相続した土地を売ると、所得税が安くなる!?
相続税と譲渡税の二重の増税に?
しかしながら、平成27年からはこの特例が縮小されてしまいます。この特例の仕組みと特例縮小の影響について確認しておきましょう。
取得費加算の特例とは
相続財産を譲渡した(売った)場合の取得費の特例、いわゆる「取得費加算の特例」は、支払った相続税のうち一定金額を取得費に加算ができる特例で、以下の要件を満たす場合に適用されます。- 相続や遺贈により財産を取得した人であること
- その財産を取得した人に相続税が課税されていること
- その財産を、相続税の申告期限から3年以内に譲渡していること
取得費に加算できる金額の計算方法
取得費が多くなれば利益金額は小さくなり、その分の所得税が少なくなります。計算方法は以下の通りですが、土地と土地以外とでは計算方法が違います(財産の金額は相続税評価額によります。また、計算は個人ごとに行います)。【 相続税×譲渡した財産÷取得した財産(債務控除前) 】
なお土地を譲渡した場合は、「譲渡した財産」の部分は、「取得した全ての土地」とすることができますので、譲渡していない土地(物納は含まれません)の相続税分まで加算ができます。
取得費加算を適用する場合の注意点
この取得費加算の特例を適用する場合は、以下4つの注意点があります。(1)分母となる「取得した財産」は、債務控除前の金額になります。
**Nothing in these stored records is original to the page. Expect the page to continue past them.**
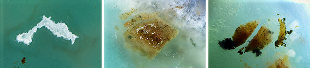 显微观察显示,由一些区域呈现细微的条带和在某些粗大的石英颗粒间出现微弱的绿色浓集而形成的一种规则的集合体构造,看起来好象一种的绿色矿物相沿石英颗粒分布。断口可见蜡状光泽,符合集合体特征。一些区域包含有小的充满晶簇状无色石英晶体的腔体(图3,左和中)。绝大多数检测样品中可观察到分散的多种暗褐色和黑色金属氧化物内含物,某些区域并伴有不明的白色云状内含物(图3,右)。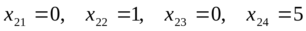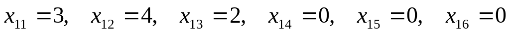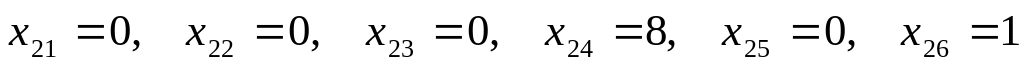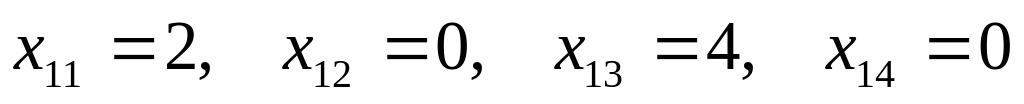 Пример 2. Решить задачу вида (2), положив m=4, n=6, c11=1, c12=0, c13=c14=c15=c16=c21=c22=2, c23=0, c24=-4, c25=3, c26=-4, c31=-2, c32=c33=1, c34=0, c35=-3, c36=c41=c42=4, c43=0, c44=-3, с45=0, c46=-3, a1=a2=9, a3=a4=3, b1=b2=4, b3=5, b4=8, b5=2, b6=1.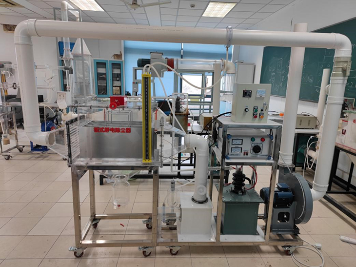离心风机、旋风分离器、袋式除尘器、静电除尘器、高压静电发生器、机械振打装置、风量调节阀、发尘箱、集尘装置、管路、U型压力计、毕托管流量计、振动电机、电路控制柜、不锈钢框架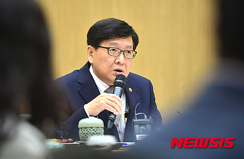 【서울=뉴시스】김선웅 기자 = 18일 오전 서울 강남구 강남구립행복요양병원을 찾은 정진엽 보건복지부 장관이 병원관계자들과의 간담회에서 인사말을 하고 있다. 2016.05.18.
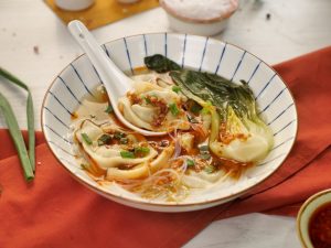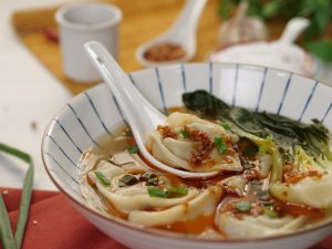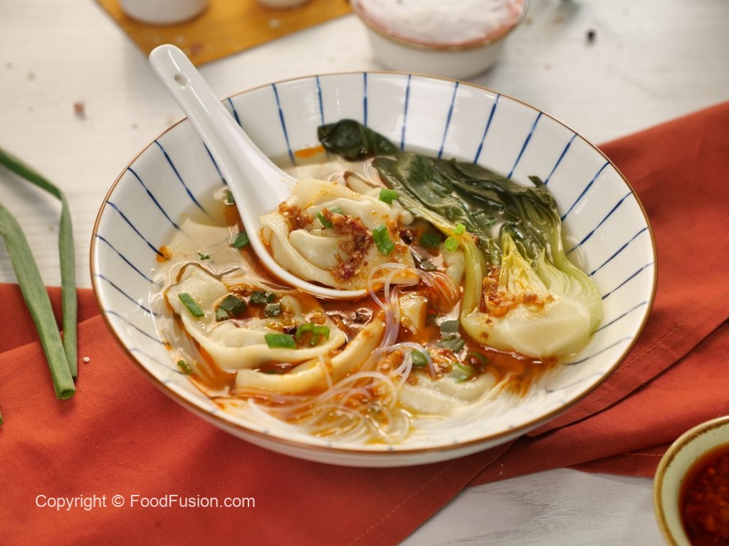 -In a bowl,add glass noodles,prepared wonton soup,bok choy,chilli oil,spring onion leaves & serve!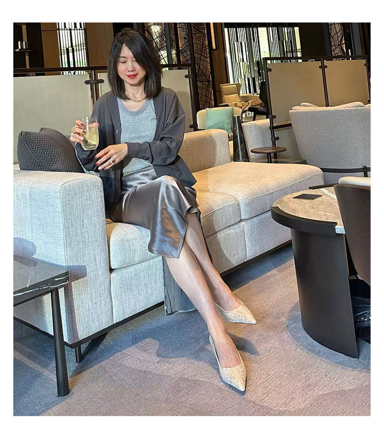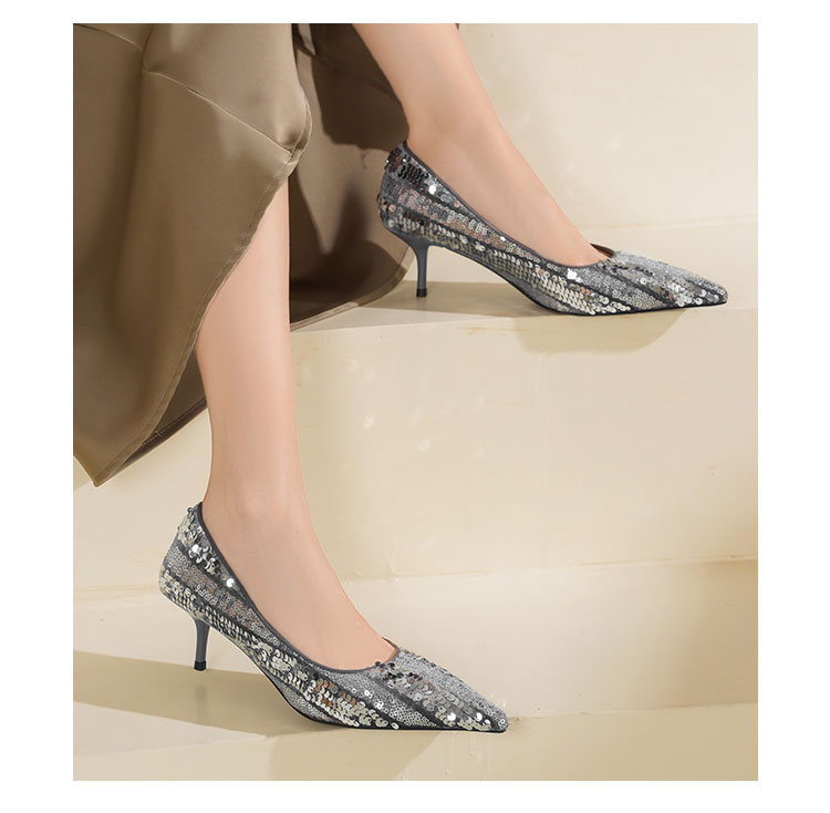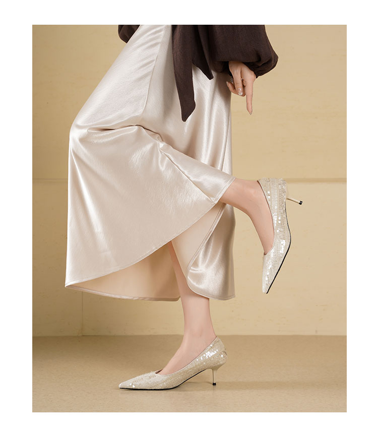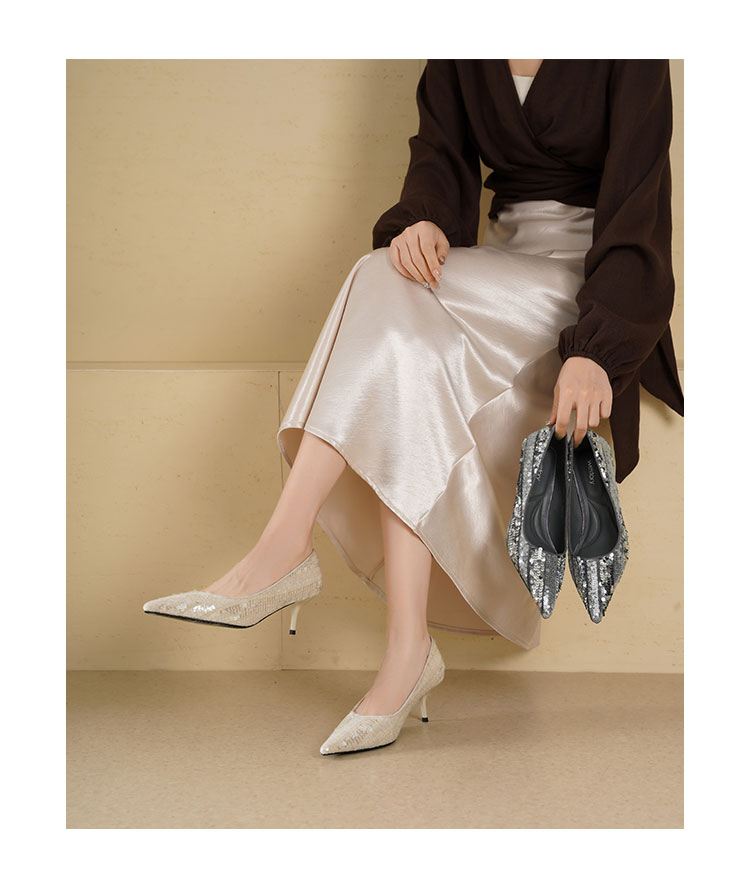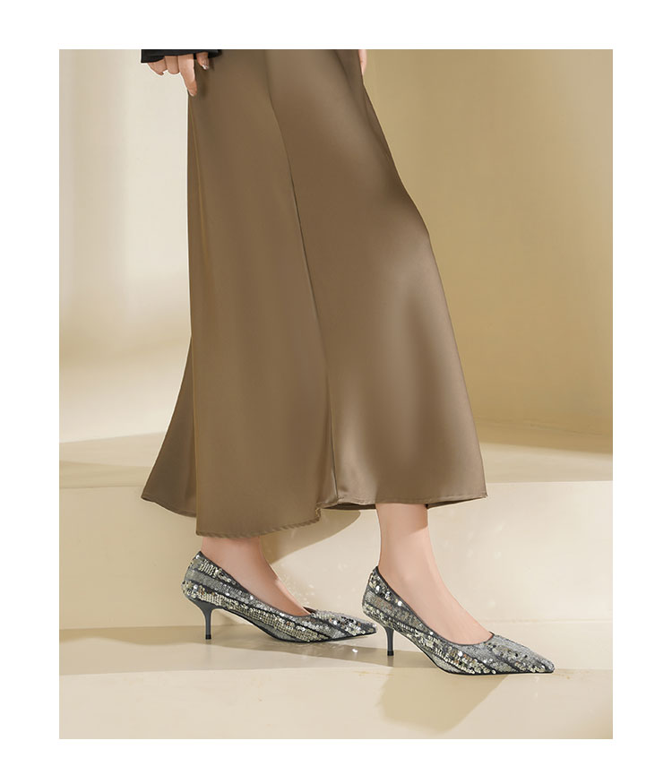 Westory2025年秋季鎏光珠片尖头中跟单鞋宴会鞋通勤浅口鞋W25CE76221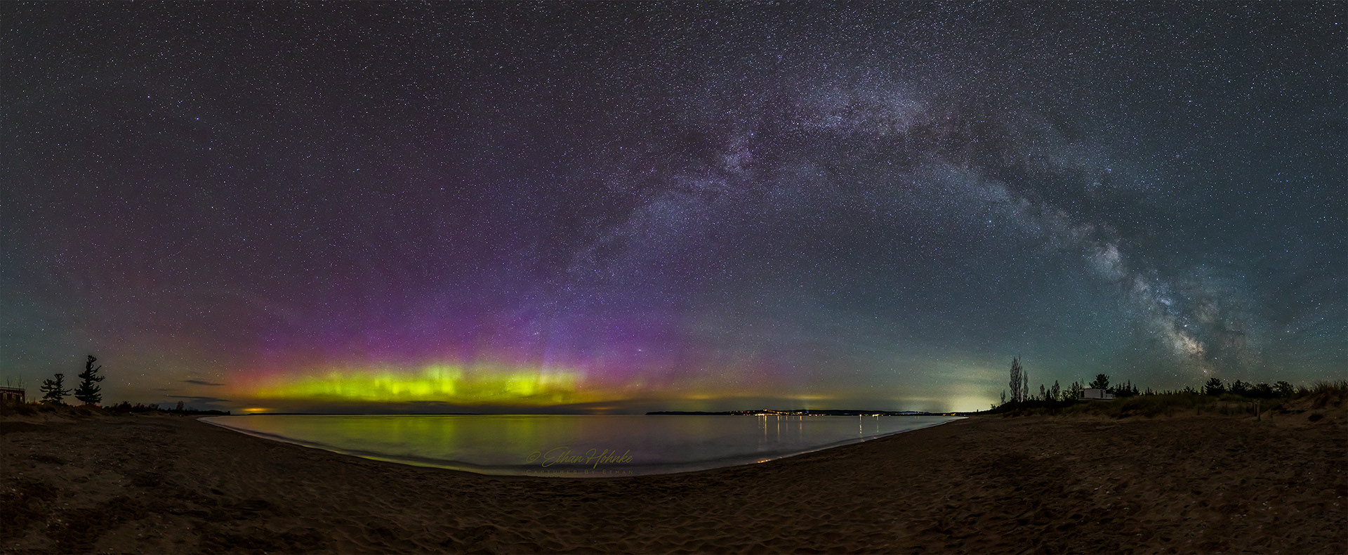 Milky Way Arch with Northern Lights from Glen Haven Panorama | 16 total images - Single Row | May 12, 2024 from 3:25am to 3:33am | Canon R6, adapted Sigma Art 14mm, Benro tripod | 5 second shutter speed, f/2, ISO 5000 | PTGui, Lightroom, Photoshop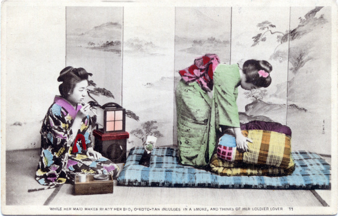 “While her maid makes ready her bed, O-Koto-tan [sic] indulges in a smoke, and thinks of her soldier lover.” #11 in a series of “A Day in the Life of O-Koto-san” postcards published during the Russo-Japanese War (1904-1905). This might be one of the bawdiest of the series.

(2)そもそも譲渡した財産に利益がないと適用はありません。例えば不動産全体としては利益が出ていても、土地は利益、建物は損であった場合は、取得費に加算できるのは土地のみです。
(3)この特例を受ける旨の確定申告をする必要があります。
(4)平成27年1月1日以後に開始する相続からは、「取得した全ての土地」の優遇がなくなります。